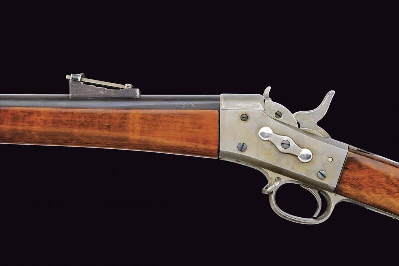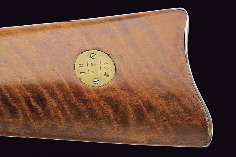 Canna tonda rigata (anima pulita, rigatura ben visibile), marcata alla base "C" sotto corona, "PIF", con numero di matricola "14xxx", dotata alzo variabile ed abbattibile, dente d'innesto per baionetta e mirino, cal. 12 mm in volata. Castello liscio, codetta con marcatura "Remington" e brevetti fino al 1866. Meccanica funzionante. Calcio ed astina in legno, una guancia con disco in ottone marcato "1R 5K NO 57". Fornimenti e bacchetta in ferro. Alcuni fornimenti marcati "U".
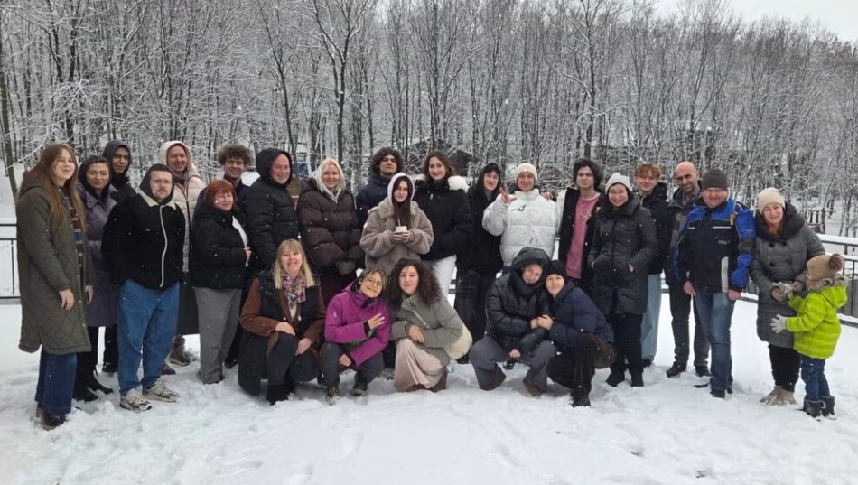 Irina Gritsevskaya rabbi a Ben és Harriet Teitel Szeminárium tanulócsoportjával Ukrajnában, 2026 elején (Fotó: Midreshet Schechter Ukraine)
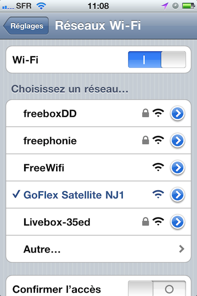 Avant toute chose, il faut aller dans la partie Réglages, Wi-Fi, et choisir GoFlex Satellite NJ1 sur votre iBidule pour pouvoir accéder au GoFlex Satellite.
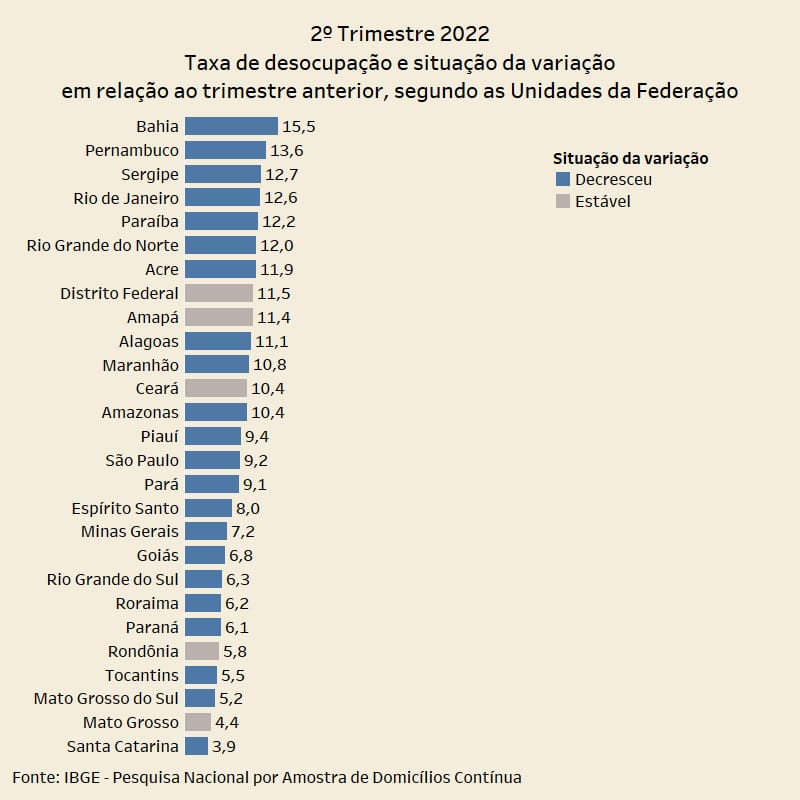 Em números absolutos, o desemprego atingia 149 mil pessoas em Alagoas nos meses de abril, maio e junho, um contingente de 41 mil pessoas a menos na comparação com janeiro, fevereiro e março, quando a desocupação atingia 190 mil pessoas. Em relação ao segundo trimestre de 2021, a queda foi de 41,5%, o equivalente a aproximadamente 106 mil pessoas a menos.
----------
= Work required =
Pictures aside, repeat exactly every line from the top of the listing above through the line bearing "Avant toute chose, il", inclusive.

= Reply to the task =
 Canna tonda rigata (anima pulita, rigatura ben visibile), marcata alla base "C" sotto corona, "PIF", con numero di matricola "14xxx", dotata alzo variabile ed abbattibile, dente d'innesto per baionetta e mirino, cal. 12 mm in volata. Castello liscio, codetta con marcatura "Remington" e brevetti fino al 1866. Meccanica funzionante. Calcio ed astina in legno, una guancia con disco in ottone marcato "1R 5K NO 57". Fornimenti e bacchetta in ferro. Alcuni fornimenti marcati "U".
 Irina Gritsevskaya rabbi a Ben és Harriet Teitel Szeminárium tanulócsoportjával Ukrajnában, 2026 elején (Fotó: Midreshet Schechter Ukraine)
 Avant toute chose, il faut aller dans la partie Réglages, Wi-Fi, et choisir GoFlex Satellite NJ1 sur votre iBidule pour pouvoir accéder au GoFlex Satellite.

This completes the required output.